┏━━

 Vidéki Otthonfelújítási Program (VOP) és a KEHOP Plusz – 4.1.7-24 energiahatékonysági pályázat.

┗━━
┏━━

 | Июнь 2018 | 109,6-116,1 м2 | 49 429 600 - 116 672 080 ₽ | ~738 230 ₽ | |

┗━━
┏━━

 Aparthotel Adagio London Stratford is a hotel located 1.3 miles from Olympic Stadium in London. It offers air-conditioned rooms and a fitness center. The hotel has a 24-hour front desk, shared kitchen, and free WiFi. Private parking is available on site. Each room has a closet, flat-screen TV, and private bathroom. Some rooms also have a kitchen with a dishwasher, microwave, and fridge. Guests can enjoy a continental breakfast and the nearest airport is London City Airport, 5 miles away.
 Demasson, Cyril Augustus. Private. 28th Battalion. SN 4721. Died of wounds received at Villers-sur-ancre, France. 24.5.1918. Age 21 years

┗━━

> _Problem requirements_: Copy out each line of the listing that holds "Private".

> _Finished exercise_:
 Aparthotel Adagio London Stratford is a hotel located 1.3 miles from Olympic Stadium in London. It offers air-conditioned rooms and a fitness center. The hotel has a 24-hour front desk, shared kitchen, and free WiFi. Private parking is available on site. Each room has a closet, flat-screen TV, and private bathroom. Some rooms also have a kitchen with a dishwasher, microwave, and fridge. Guests can enjoy a continental breakfast and the nearest airport is London City Airport, 5 miles away.
 Demasson, Cyril Augustus. Private. 28th Battalion. SN 4721. Died of wounds received at Villers-sur-ancre, France. 24.5.1918. Age 21 years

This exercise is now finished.